Metalcore features many popular Christian bands, including such crossover bands such as Underoath, As I Lay Dying, August Burns Red, Blessthefall, Norma Jean, Haste the Day, The Devil Wears Prada, Confessions of a Traitor, Convictions, Silent Planet, Wolves at the Gate, For Today, Demon Hunter and Fit for a King. Many of these bands have Grammy nominated or have made it high in the charts of the Billboard 200. Norma Jean was nominated for a Grammy Award for "Best Recording Package" for their album O God, the Aftermath.

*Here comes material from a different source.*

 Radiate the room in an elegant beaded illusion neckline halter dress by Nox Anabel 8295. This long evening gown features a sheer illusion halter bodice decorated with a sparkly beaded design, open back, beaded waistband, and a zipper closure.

As I Lay Dying entered the Billboard 200 charts (No. 8) for its record sales and were nominated for the "Best Metal Performance" Grammy for the single "Nothing Left" from the 2007 album An Ocean Between Us. The album made its debut on Metal Blade Records, charting at No. 19 in Canada. In the United States, nearly 40,000 units were sold in its first week. The second week after it was released, it charted at No. 39 in both the United States and Canada. Other Top 200 debuts around the world include a No. 117 in the United Kingdom and No. 154 in Japan. In 2011, The Devil Wears Prada's album Dead Throne charted at No. 10 in the Billboard 200. In 2015, August Burns Red was nominated for "Best Metal Performance" at the Grammys for their song "Identity", off their Found in Far Away Places album.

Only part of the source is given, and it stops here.